Activity: Transcribe the entries below word for word, beginning at the line with "Magic: the Gathering" and stopping after the line with "The attractive ornamentation"; drop all pictures.

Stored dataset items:
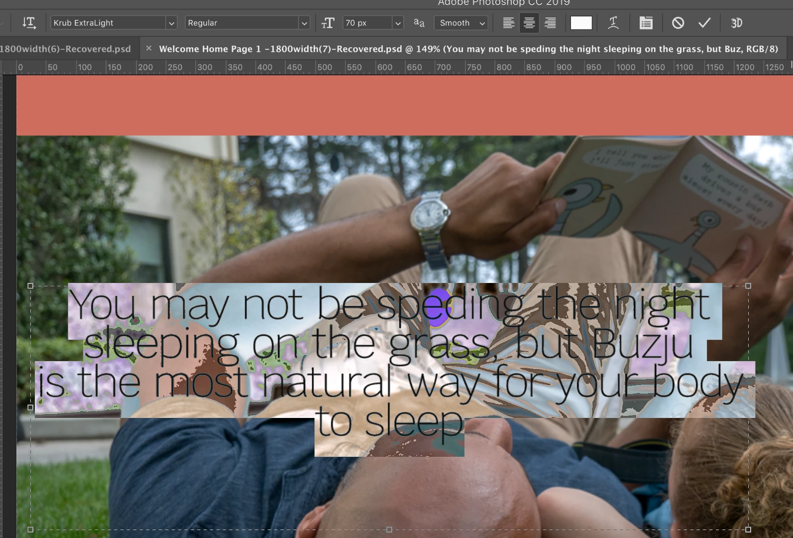 Help. I built a PSD document in 1800px width with 72 pixels/inch. When the font is on the website it shows the same pixels as the PSD document (see below) but as you can see the size in relation to the image, look how much farther to the right the text is on the website. Here is the PSD you can see the 70px.
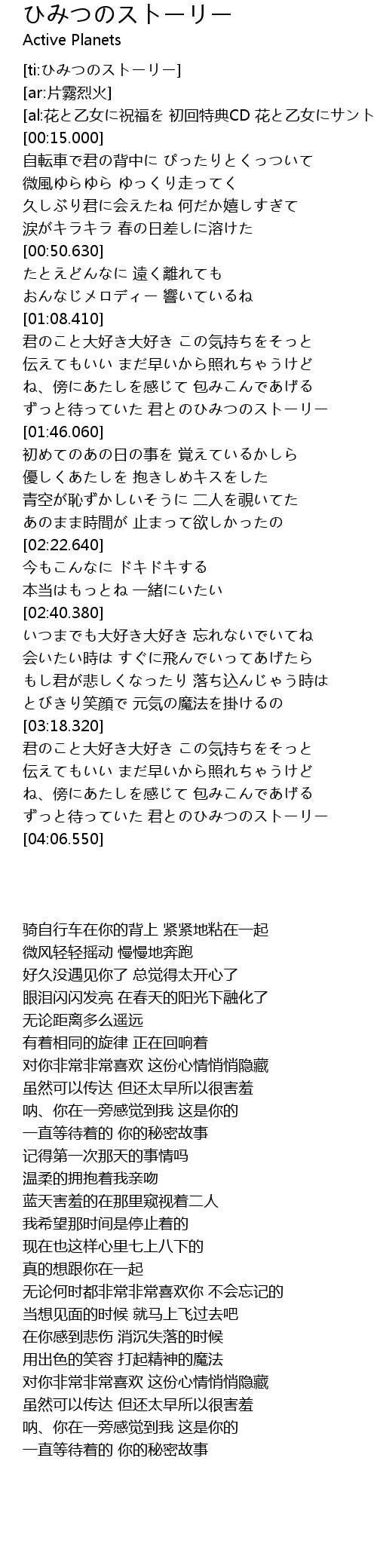 | [03:53.870] | ずっと待っていた 君とのひみつのストーリー |
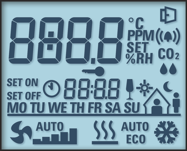 Il display multifunzionale, appositamente progettato per il funzionamento in ambiente, è dimmerabile e fornisce una chiara visualizzazione di tutti i dati disponibili in ambiente mediante simboli intuitivi. Oltre all'ora, al giorno della settimana e ai parametri climatici (temperatura, umidità, punto di rugiada, contenuto di CO2), è possibile visualizzare anche altre funzioni, come il funzionamento del riscaldamento/raffreddamento e del ventilatore, l'apertura delle finestre, l'illuminazione, l'allarme, il blocco delle chiavi o l'occupazione della stanza.
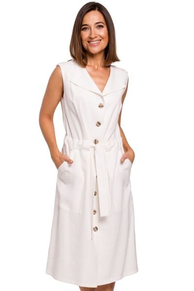 Swobodna, trapezowa sukienka zapinana na duże guziki, wykładany kołnierz, duże wsuwane kieszenie i pasek w talii. Wysokiej jakości materiał zapewni Ci wygodę i komfort.
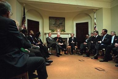 Keywords: washington d.c. dc u.s. national archives usnationalarchives 9/11 911 president george w. bush presidentgeorgewbush nara:arcid=5997335 religious leaders religiousleaders george w. bush georgewbush george w. bush presidential library georgewbushpresidentiallibrary indoor Original Caption: President George W. Bush meets with religious leaders in the Roosevelt Room of the White House. U.S. National Archives’ Local Identifier:P7602-19 Created By: President (2001-2009 : Bush). Office of Management and Administration. Office of White House Management. Photography Office. (01/20/2001 - 01/20/2009) From: Photographs Related to the George W. Bush Administration, compiled 01/20/2001 - 01/20/2009 Production Dates: 09/20/2001 Persistent URL: arcweb.archives.gov/arc/action/ExternalIdSearch?id=5997335 Repository: George W. Bush Library (Lewisville, TX) Access Restrictions: Unrestricted Use Restrictions: Unrestricted Original Caption: President George W. Bush meets with religious leaders in the Roosevelt Room of the White House. U.S. National Archives’ Local Identifier:P7602-19 Created By: President (2001-2009 : Bush). Office of Management and Administration. Office of White House Management. Photography Office. (01/20/2001 - 01/20/2009) From: Photographs Related to the George W. Bush Administration, compiled 01/20/2001 - 01/20/2009 Production Dates: 09/20/2001 Persistent URL: arcweb.archives.gov/arc/action/ExternalIdSearch?id=5997335 Repository: George W. Bush Library (Lewisville, TX) Access Restrictions: Unrestricted Use Restrictions: Unrestricted |
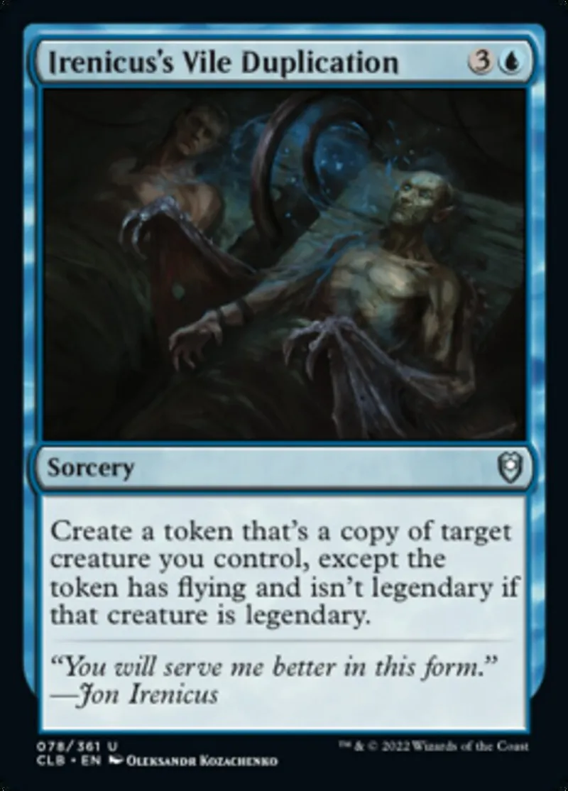 Magic: the Gathering (mtg) uncommon Sorcery Irenicus's Vile Duplication from Commander Legends: Battle for Baldur's Gate (clb) last updated 2026-02-24 15:37:02
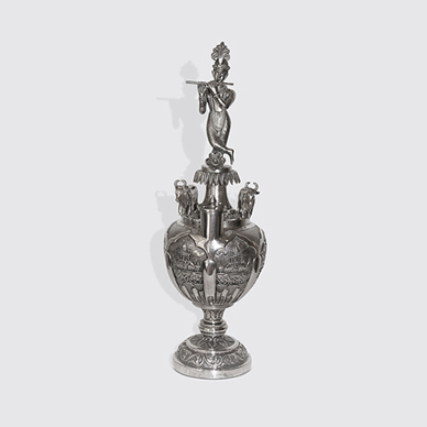 The attractive ornamentation of scrolling foliage intertwined with animals, birds and hunting scenes was the most venerated style of Indian silverware in the late 19th century. Also aiding the success of the Cutch style were the supportive efforts made by the Raos of Cutch ensuring examples of the region's silverware were displayed in every possible international exhibition.
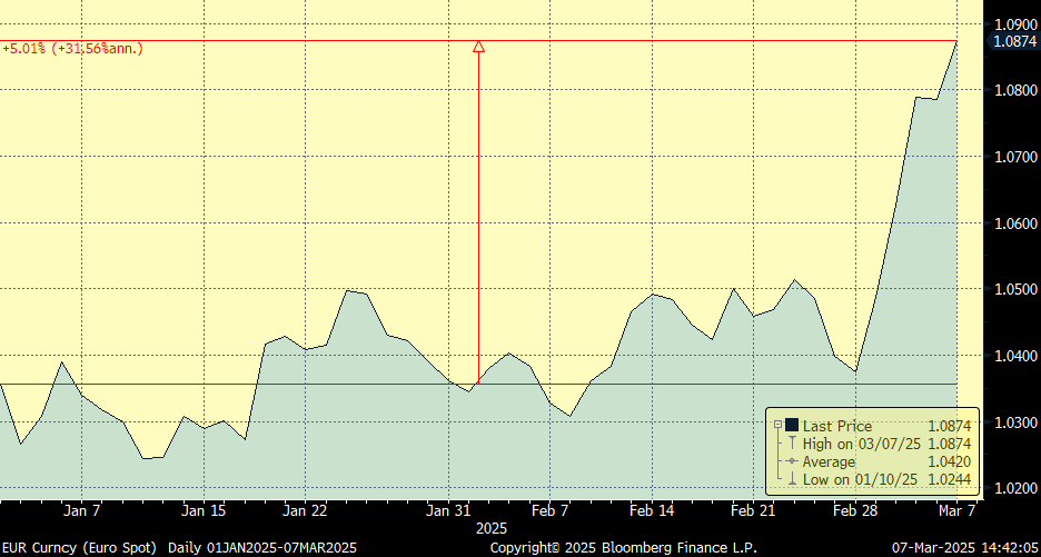 Trump está teniendo unos efectos a nivel global que pocos podían esperar cuando fue reelegido, Alemania ha dejado a un lado la austeridad fiscal y parece que Bruselas hará lo mismo, China está cumpliendo con su política de estímulo y contraataca con aranceles a la agricultura, en Estados Unidos, la economía ha empezado a aflojar ligeramente por lo que se abre la posibilidad de un recorte de tipos, la errática política estadounidense en materia de aranceles y los cambios en la administración pública han inquietado a los consumidores, que han vuelto a preocuparse por la inflación, la seguridad laboral y su renta, los temores a despidos masivos en el sector público tuvieron un impacto limitado en las estadísticas del mercado laboral de febrero, el gobierno federal informó de una pérdida neta de 10.000 puestos de trabajo, pero los gobiernos locales y estatales aumentaron las contrataciones compensando esta pérdida. La política comercial estadounidense ha suscitado temores de estanflación, mientras que el impulso fiscal europeo ha alentado las esperanzas de un repunte, reduciendo la ventaja de tipos de interés y llevando el cambio eurodólar hasta 1,09. Como resultado de estos acontecimientos, la política errática de Estados Unidos hace perder atractivo al dólar socavando su carácter de valor refugio. Al mismo tiempo, la expectativa de una nueva política fiscal europea que permita un repunte de la actividad económica hace mejorar el sentimiento del mercado respecto del euro. Con los factores de largo plazo favoreciendo al euro.
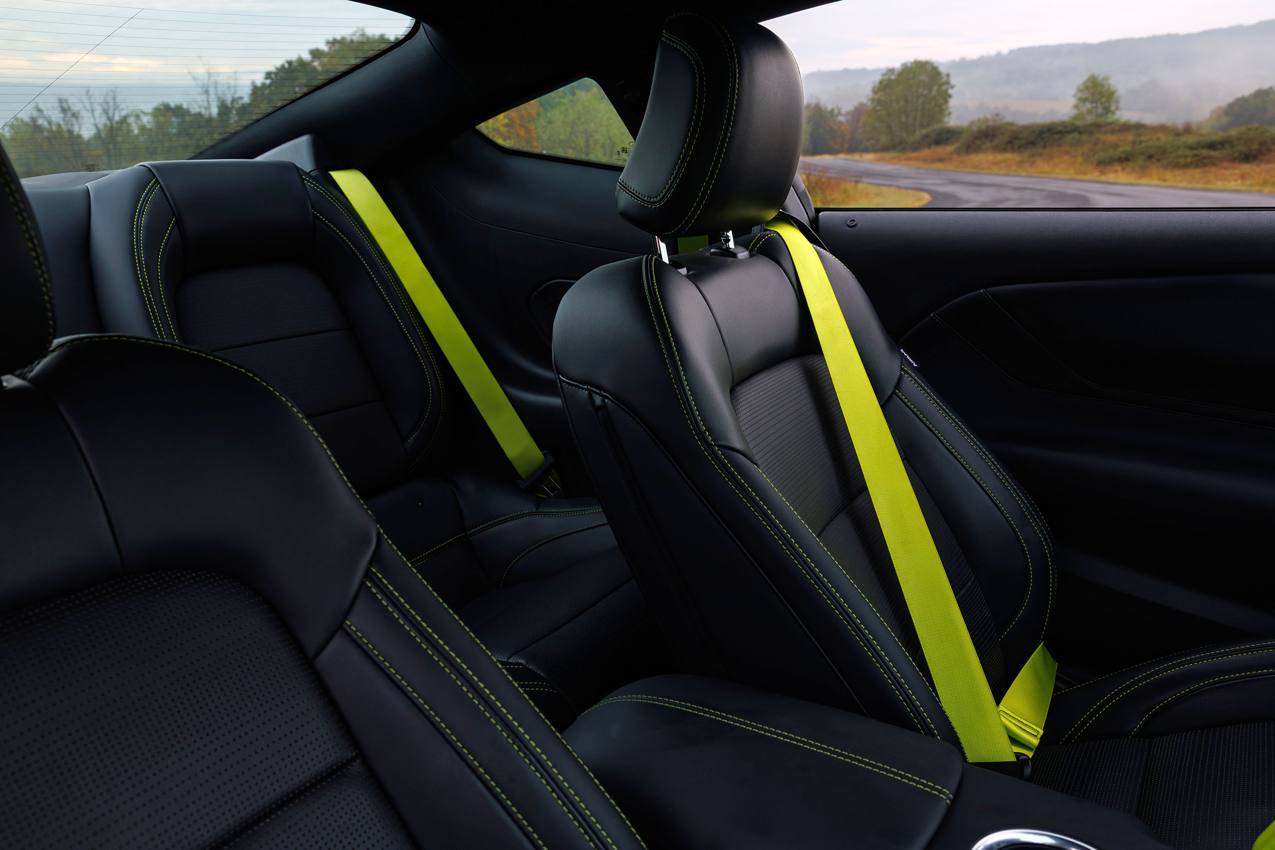 On the outside, the Mustang RTR differentiates itself from the rest of the range with RTR’s signature LED nostrils (that’s what I call them, anyway) plus gorgeous 12-spoke wheels backed by optional “Hyper Lime” highlighter-yellow calipers. The lime theme carries into the interior, on the seatbelts and the e-brake lever, but don’t freak out—you can leave them black if you like.
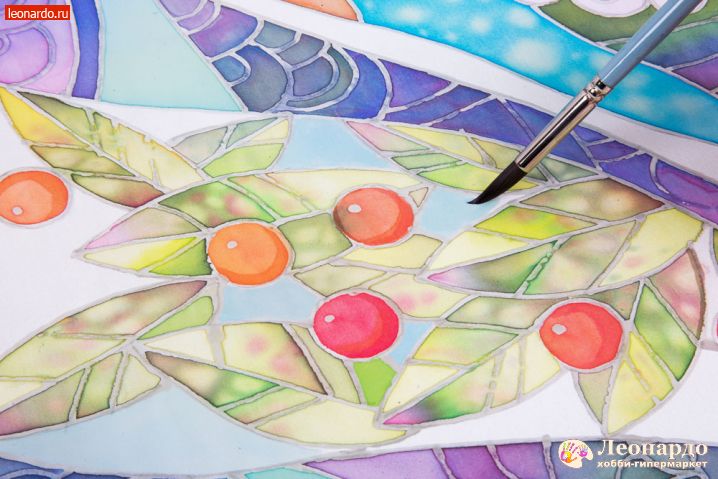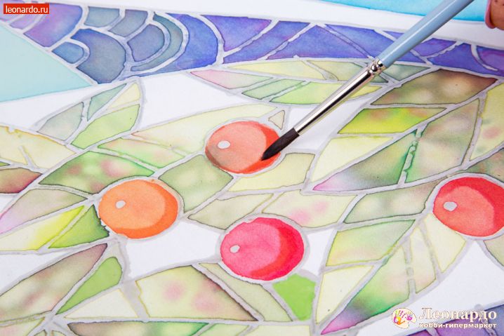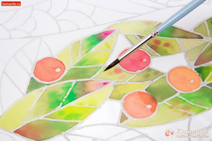 14. Заполняем пространство между листиками и ягодками лазурным - №24 цветом, разбавив его водой.

Expected answer:
 Magic: the Gathering (mtg) uncommon Sorcery Irenicus's Vile Duplication from Commander Legends: Battle for Baldur's Gate (clb) last updated 2026-02-24 15:37:02
 The attractive ornamentation of scrolling foliage intertwined with animals, birds and hunting scenes was the most venerated style of Indian silverware in the late 19th century. Also aiding the success of the Cutch style were the supportive efforts made by the Raos of Cutch ensuring examples of the region's silverware were displayed in every possible international exhibition.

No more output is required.